Work required:
Nothing but the pictures may be dropped; the rest of the listing is to be written out exactly.

_ _ _

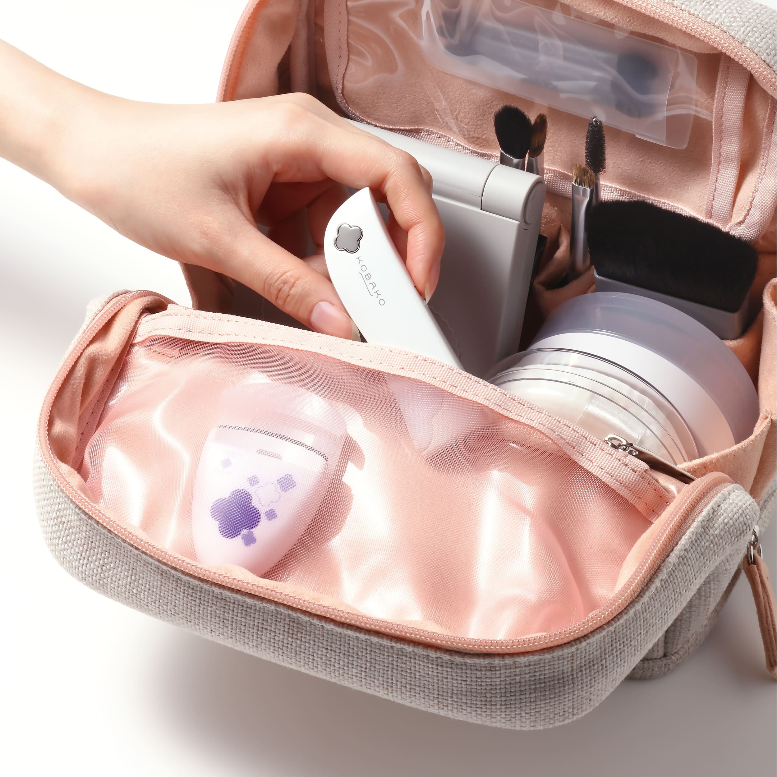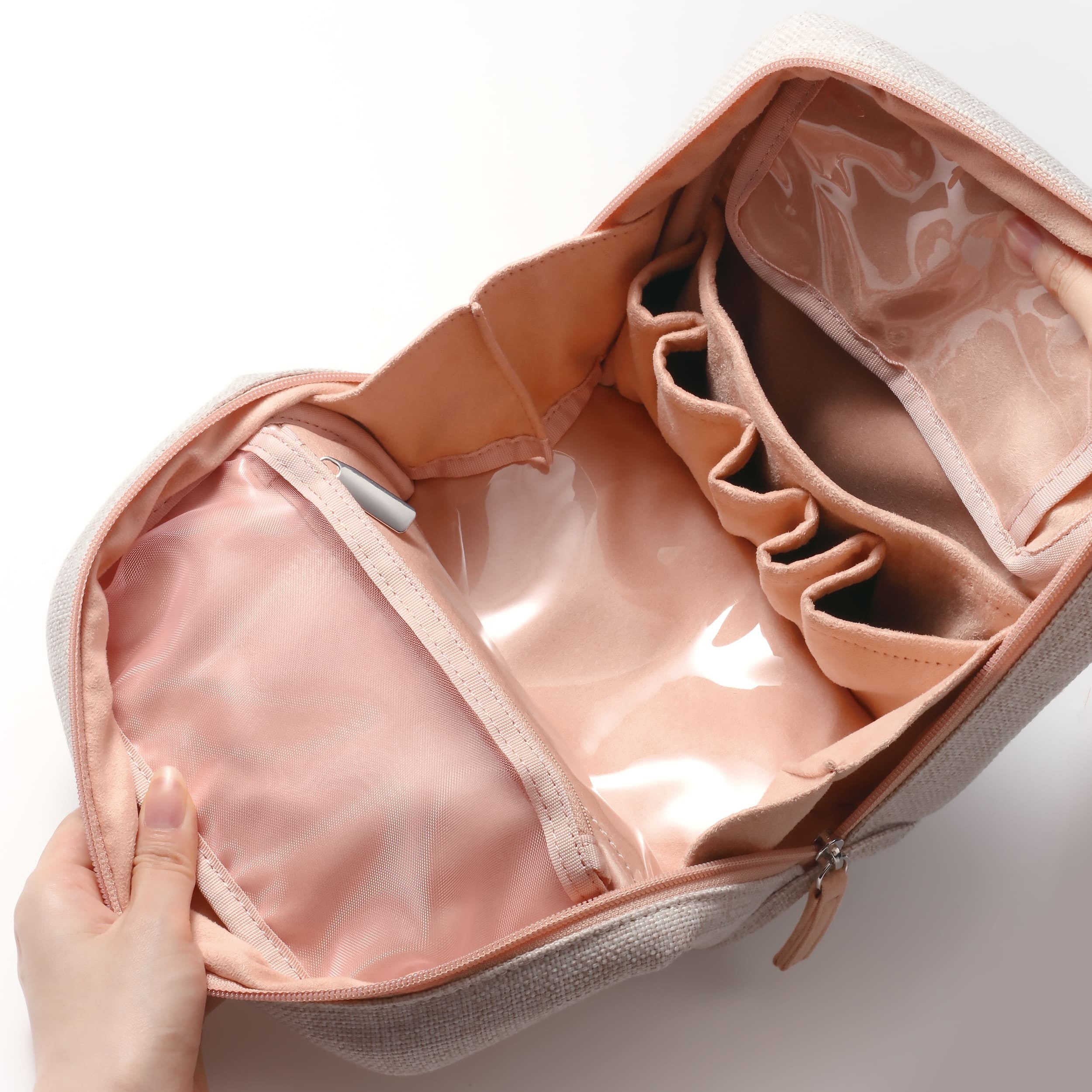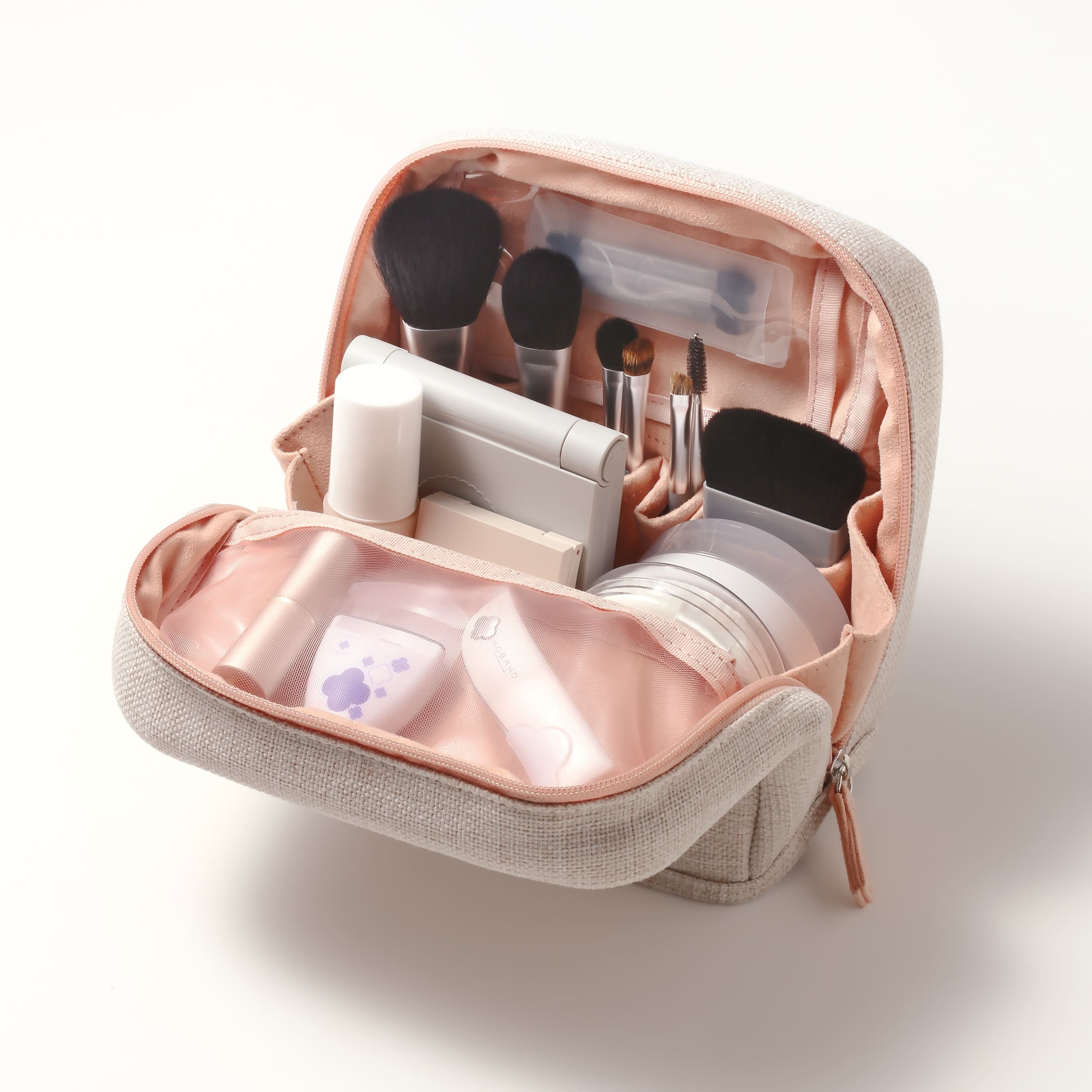 機能性を追求したポーチは正面部分が折りたたみ可能でブラシポケットやメッシュポーチなど収納もたっぷり。
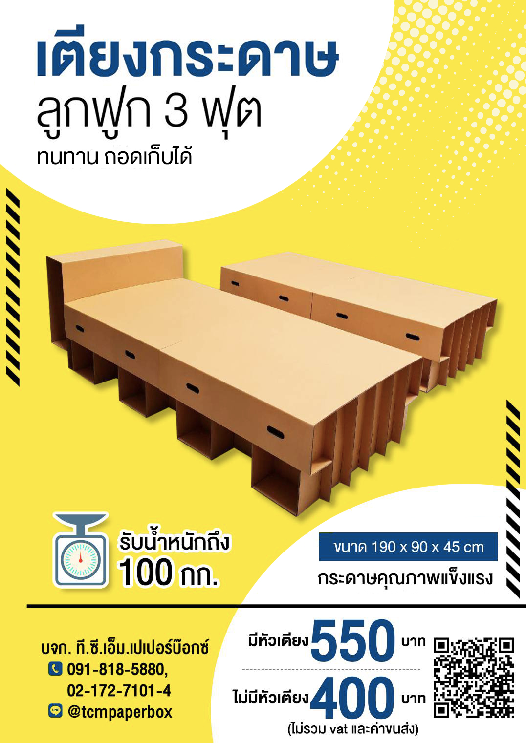 เตียงกระดาษ ลูกฟูก ขนาด 3 ฟุต สำหรับโรงพยาบาลสนาม และศูนย์พักคอย เตียงกล่องกระดาษ เตียงสนาม สนใจติดต่อ Line @tcmpaperbox
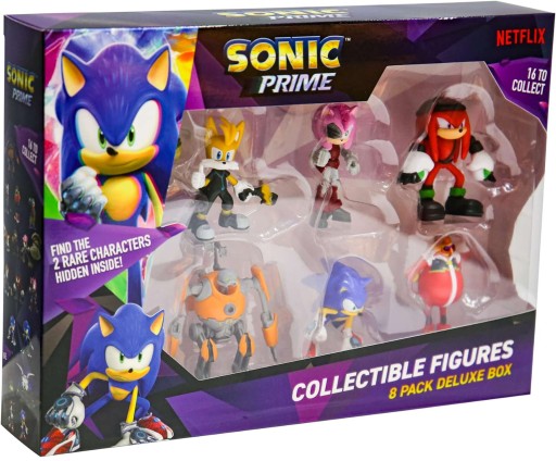 Zestaw zawiera 8 figurek z bohaterami animacji Sonic Prime. Do zebrania jest 16 figurek, w tym 4 rzadkie.
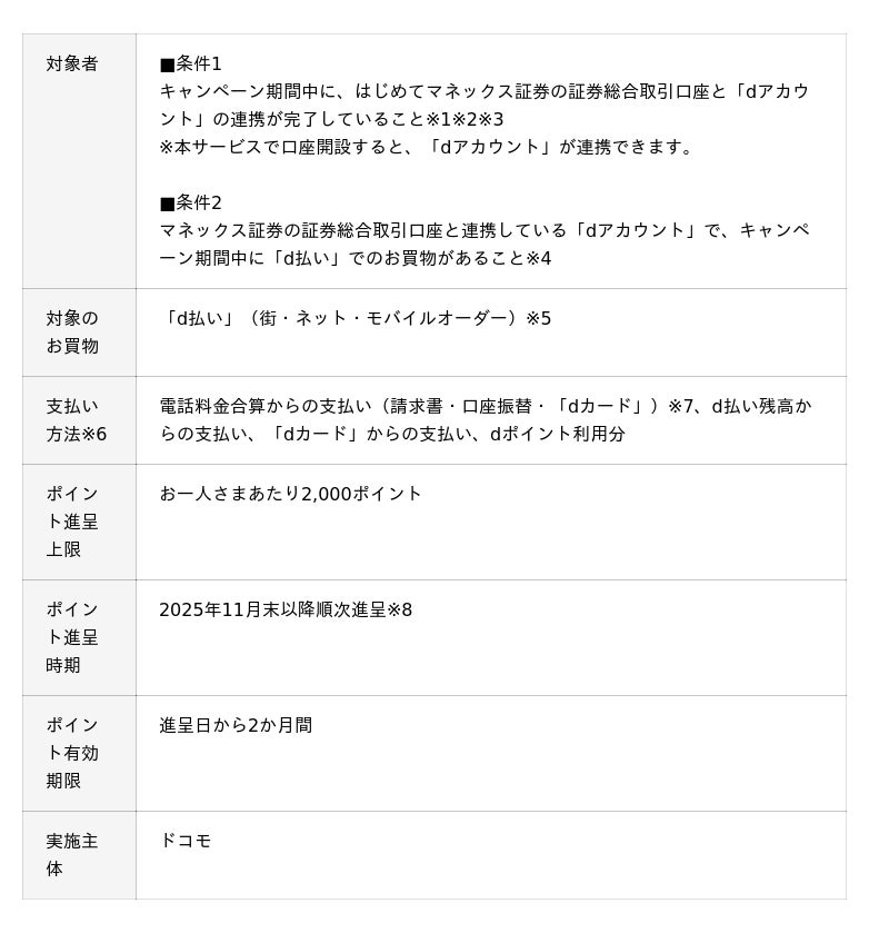 ※1 キャンペーン期間中に、マネックス証券の証券総合取引口座とはじめて「dアカウント」を連携
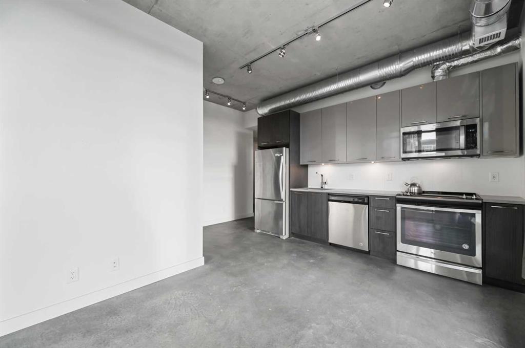 Welcome to this stunning 2-bedroom, ultra-modern corner condo offering breathtaking panoramic views and an unbeatable inner-city lifestyle. Designed with both style and functionality in mind, this bright and spacious home features 9-foot ceilings, floor-to-ceiling windows, and a spectacular balcony perfect for enjoying Calgary’s skyline and unforgettable sunsets. From the moment you enter, you’re greeted by unobstructed views of the Calgary Tower, Central Library, and Stampede Grounds, creating an instant wow factor. The open-concept layout is flooded with natural light and showcases contemporary finishes throughout, including a sleek kitchen, modern bathroom, and thoughtful design that maximizes both space and comfort. The southwest exposure enhances the airy feel, while the partially covered balcony allows for year-round enjoyment. Additional highlights include concrete construction for superior soundproofing, in-suite laundry, a spacious foyer, central storage closet, titled heated underground parking, and assigned storage. The building offers exceptional amenities, including a rooftop social lounge and patio ideal for watching Stampede fireworks or enjoying views of the Bow River and downtown skyline, as well as a bike storage room with repair station and a dedicated dog wash. Ideally located on a quiet, low-traffic street yet steps from downtown, transit, river pathways, shops, restaurants, and entertainment, this move-in-ready home delivers the perfect blend of modern living, walkability, and vibrant urban lifestyle.

_ _ _

Answer:
 機能性を追求したポーチは正面部分が折りたたみ可能でブラシポケットやメッシュポーチなど収納もたっぷり。
 เตียงกระดาษ ลูกฟูก ขนาด 3 ฟุต สำหรับโรงพยาบาลสนาม และศูนย์พักคอย เตียงกล่องกระดาษ เตียงสนาม สนใจติดต่อ Line @tcmpaperbox
 Zestaw zawiera 8 figurek z bohaterami animacji Sonic Prime. Do zebrania jest 16 figurek, w tym 4 rzadkie.
 ※1 キャンペーン期間中に、マネックス証券の証券総合取引口座とはじめて「dアカウント」を連携
 Welcome to this stunning 2-bedroom, ultra-modern corner condo offering breathtaking panoramic views and an unbeatable inner-city lifestyle. Designed with both style and functionality in mind, this bright and spacious home features 9-foot ceilings, floor-to-ceiling windows, and a spectacular balcony perfect for enjoying Calgary’s skyline and unforgettable sunsets. From the moment you enter, you’re greeted by unobstructed views of the Calgary Tower, Central Library, and Stampede Grounds, creating an instant wow factor. The open-concept layout is flooded with natural light and showcases contemporary finishes throughout, including a sleek kitchen, modern bathroom, and thoughtful design that maximizes both space and comfort. The southwest exposure enhances the airy feel, while the partially covered balcony allows for year-round enjoyment. Additional highlights include concrete construction for superior soundproofing, in-suite laundry, a spacious foyer, central storage closet, titled heated underground parking, and assigned storage. The building offers exceptional amenities, including a rooftop social lounge and patio ideal for watching Stampede fireworks or enjoying views of the Bow River and downtown skyline, as well as a bike storage room with repair station and a dedicated dog wash. Ideally located on a quiet, low-traffic street yet steps from downtown, transit, river pathways, shops, restaurants, and entertainment, this move-in-ready home delivers the perfect blend of modern living, walkability, and vibrant urban lifestyle.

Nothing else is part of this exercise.